──────── MATERIAL SHOWN ────────

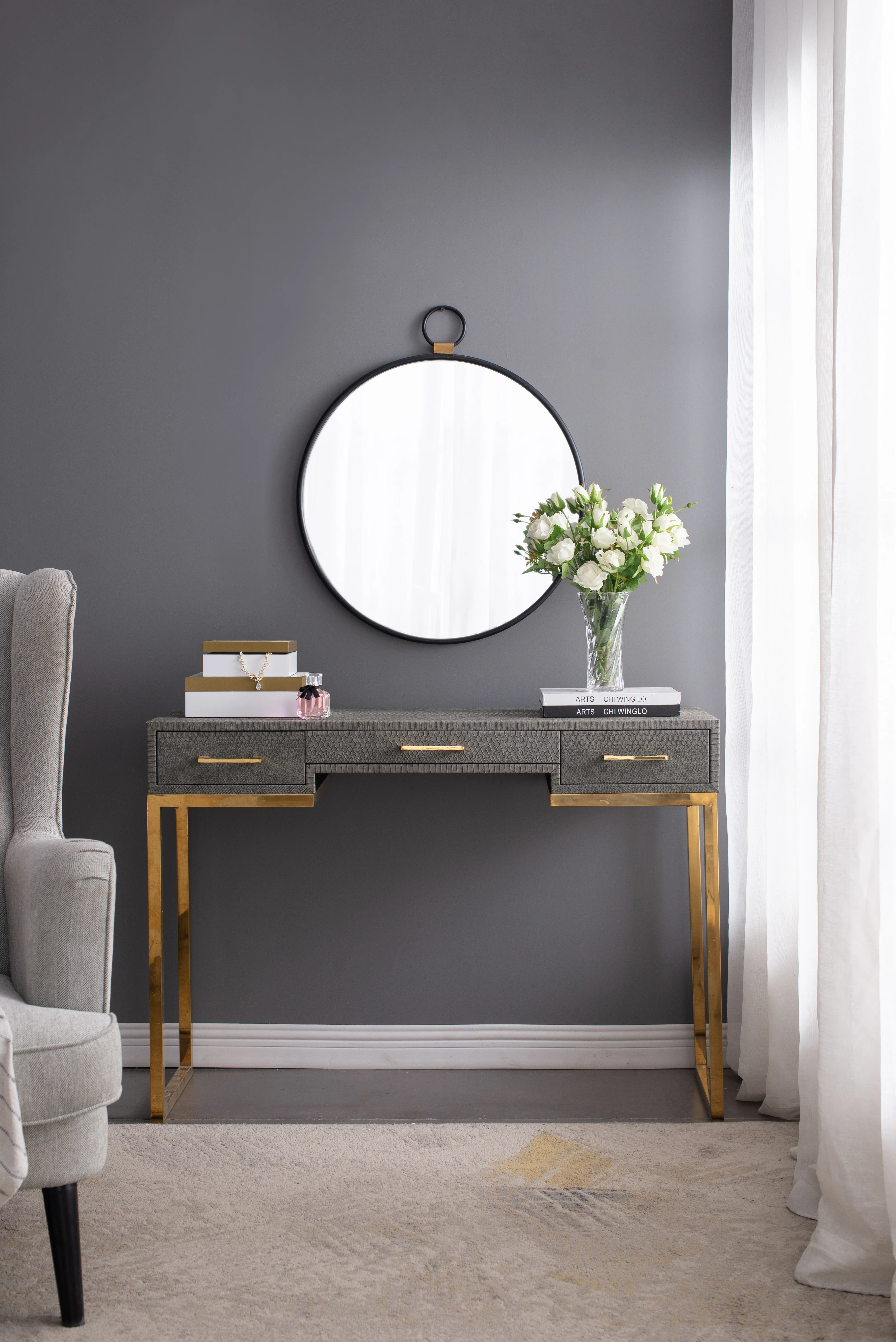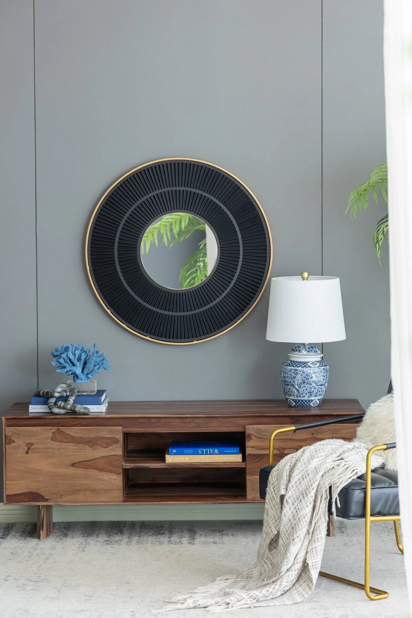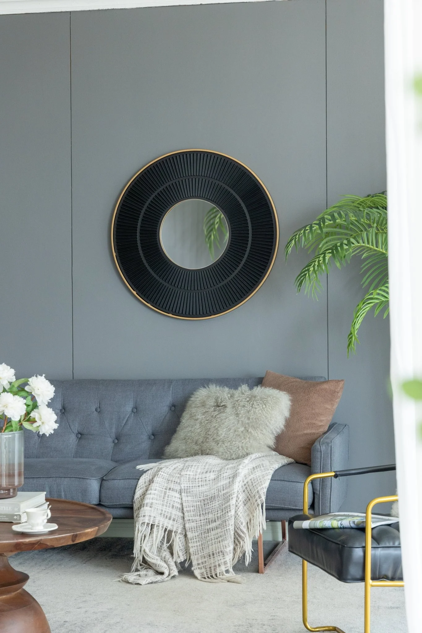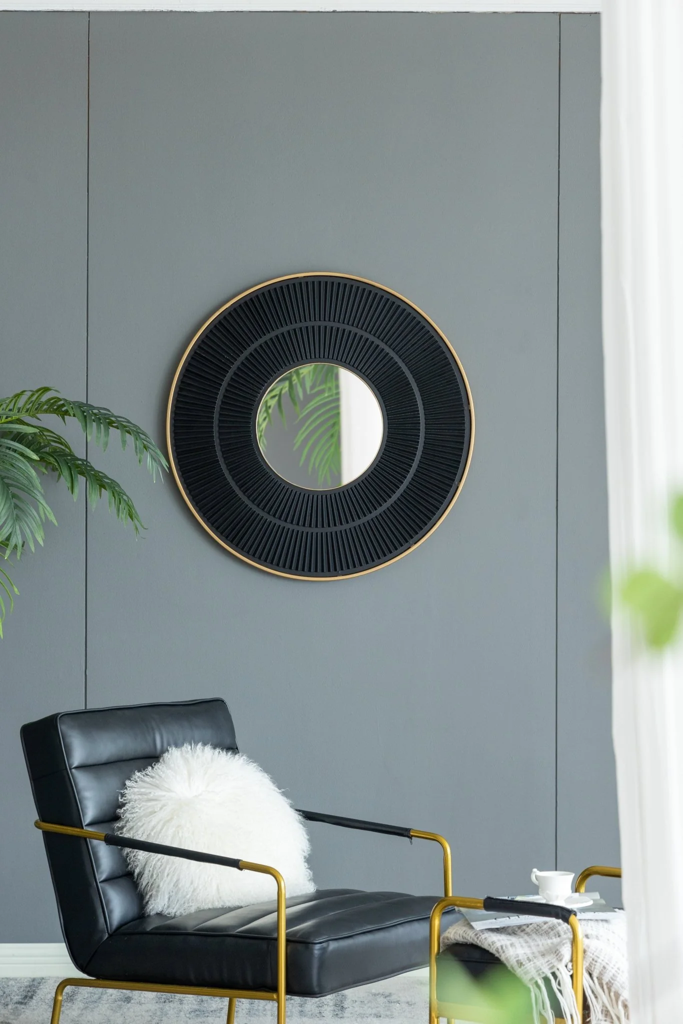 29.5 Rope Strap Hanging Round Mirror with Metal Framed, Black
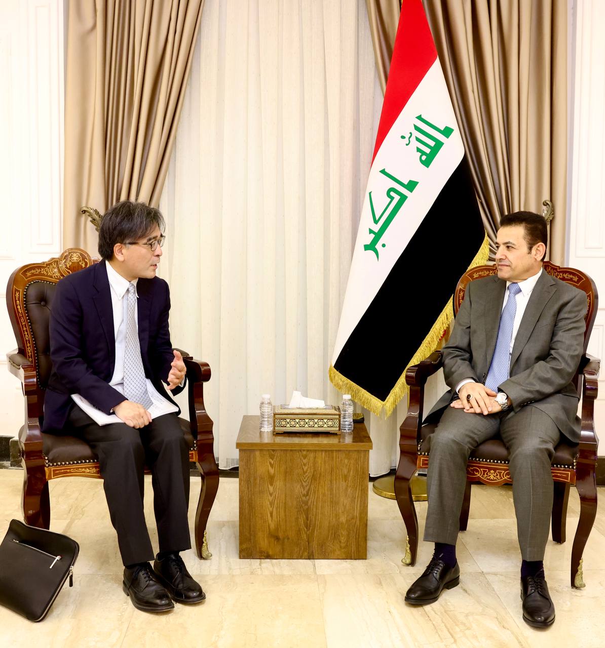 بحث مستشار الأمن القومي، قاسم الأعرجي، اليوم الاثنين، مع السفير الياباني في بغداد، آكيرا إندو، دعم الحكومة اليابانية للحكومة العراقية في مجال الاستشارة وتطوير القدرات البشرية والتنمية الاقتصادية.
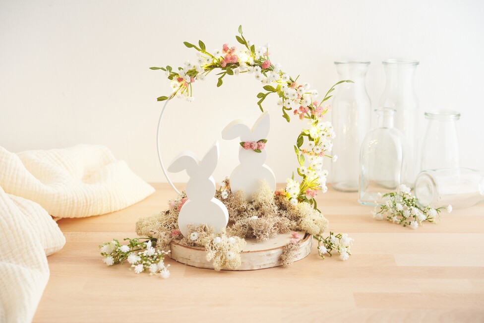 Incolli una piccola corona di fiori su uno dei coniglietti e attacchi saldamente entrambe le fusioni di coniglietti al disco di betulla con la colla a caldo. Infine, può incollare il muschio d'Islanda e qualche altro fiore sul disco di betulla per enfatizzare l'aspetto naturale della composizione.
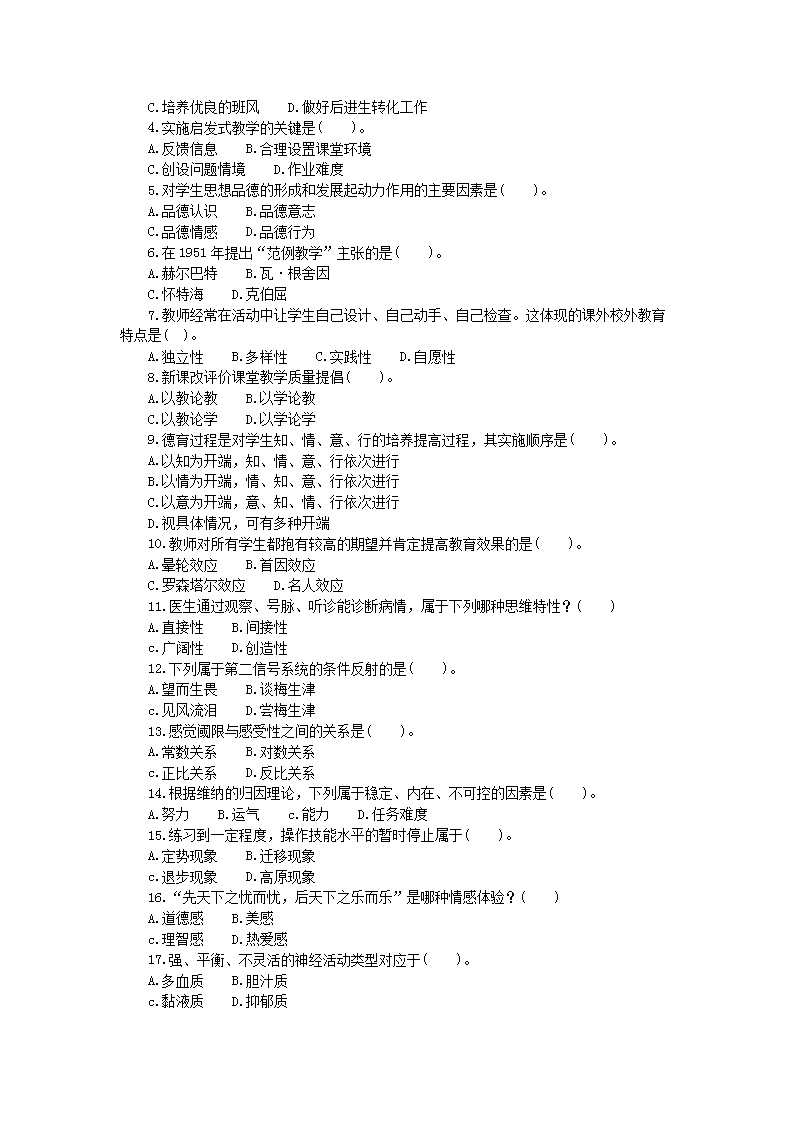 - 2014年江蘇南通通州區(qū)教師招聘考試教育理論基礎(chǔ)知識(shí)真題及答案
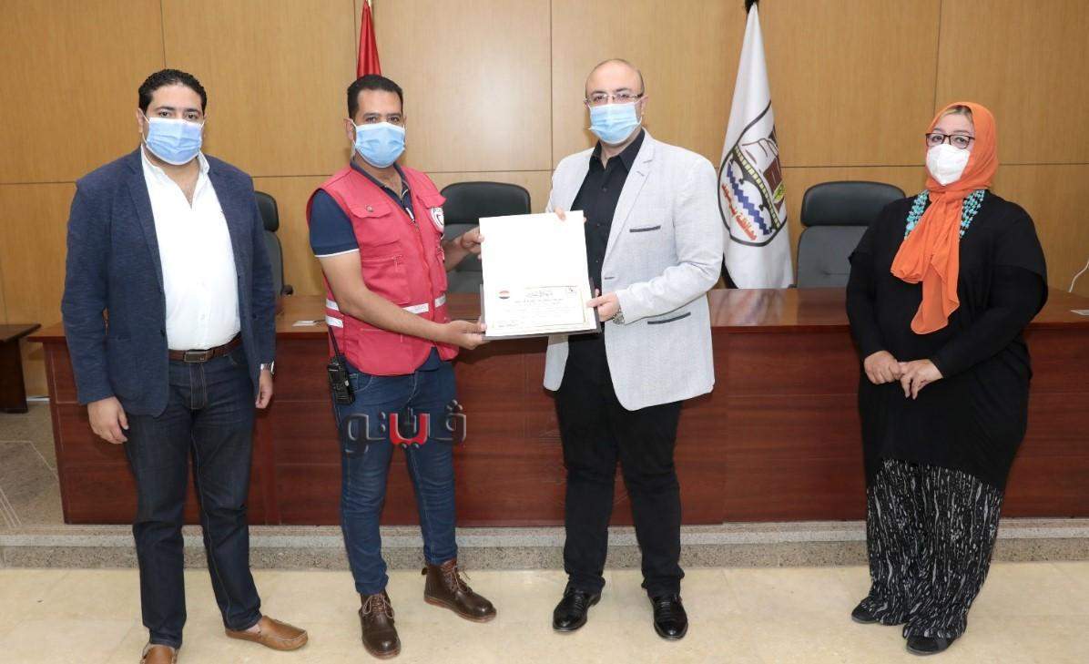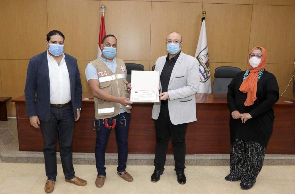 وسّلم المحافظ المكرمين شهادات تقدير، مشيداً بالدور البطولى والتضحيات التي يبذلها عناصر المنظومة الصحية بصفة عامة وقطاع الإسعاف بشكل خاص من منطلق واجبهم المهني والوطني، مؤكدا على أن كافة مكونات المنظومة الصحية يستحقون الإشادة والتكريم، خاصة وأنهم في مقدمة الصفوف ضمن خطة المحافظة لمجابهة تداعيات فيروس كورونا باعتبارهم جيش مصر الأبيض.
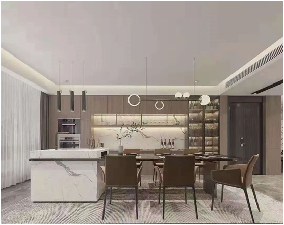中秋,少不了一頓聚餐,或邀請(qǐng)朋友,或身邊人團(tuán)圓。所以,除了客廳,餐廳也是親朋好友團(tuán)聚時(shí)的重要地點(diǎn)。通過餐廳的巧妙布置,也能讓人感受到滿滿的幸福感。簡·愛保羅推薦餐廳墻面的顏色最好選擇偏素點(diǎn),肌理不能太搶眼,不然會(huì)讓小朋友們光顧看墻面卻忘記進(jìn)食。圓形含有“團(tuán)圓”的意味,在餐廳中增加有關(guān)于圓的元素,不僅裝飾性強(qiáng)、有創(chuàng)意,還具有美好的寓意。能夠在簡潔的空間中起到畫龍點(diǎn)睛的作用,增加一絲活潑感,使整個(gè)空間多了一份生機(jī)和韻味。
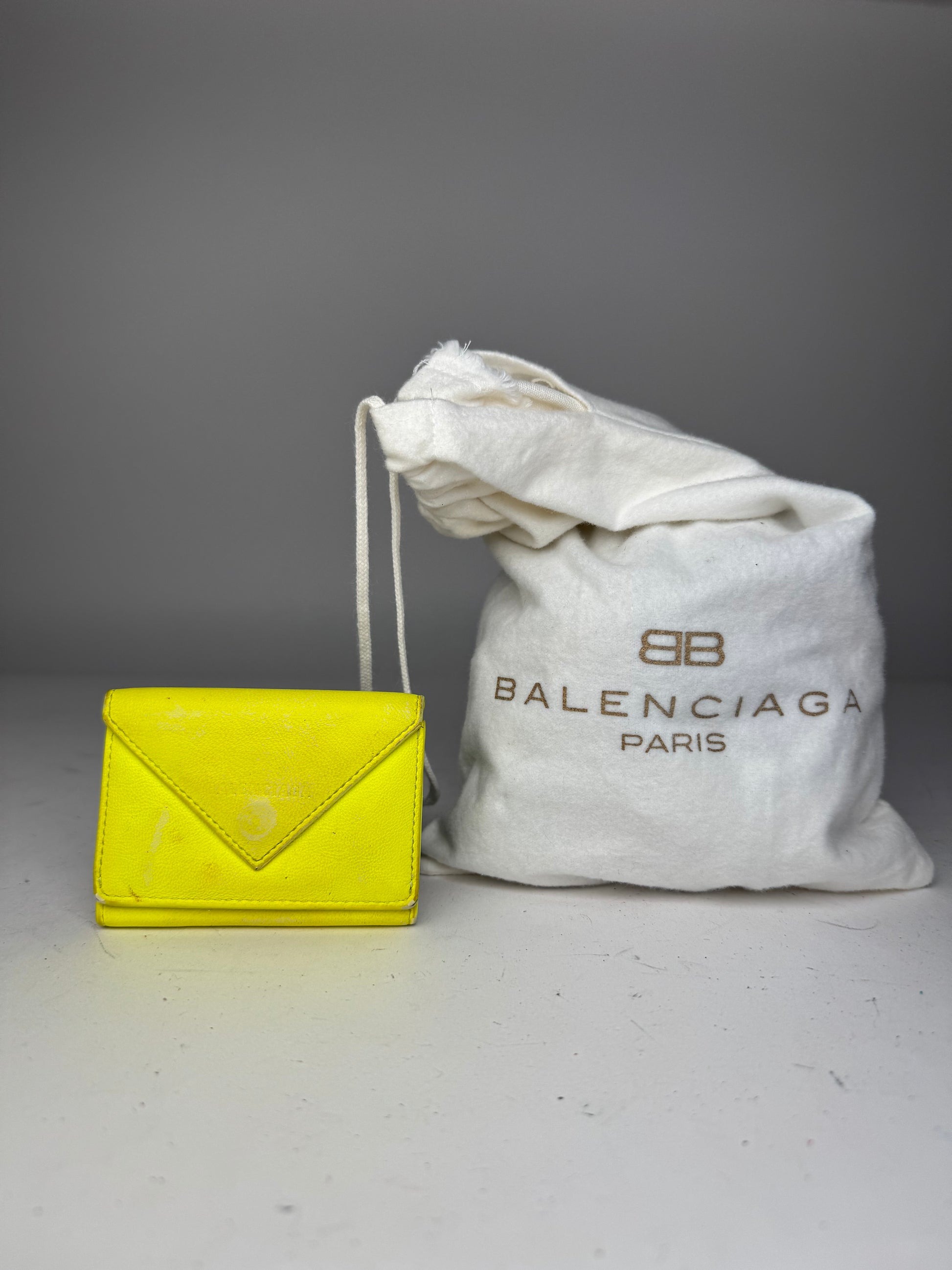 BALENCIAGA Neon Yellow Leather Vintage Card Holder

────────

*DIRECTIONS*. The required output is the exact lines from the opening line of the entries through the line with "بحث مستشار الأمن", inclusive, without pictures.

*RESPONSE TO THE EXERCISE*.
 29.5 Rope Strap Hanging Round Mirror with Metal Framed, Black
 بحث مستشار الأمن القومي، قاسم الأعرجي، اليوم الاثنين، مع السفير الياباني في بغداد، آكيرا إندو، دعم الحكومة اليابانية للحكومة العراقية في مجال الاستشارة وتطوير القدرات البشرية والتنمية الاقتصادية.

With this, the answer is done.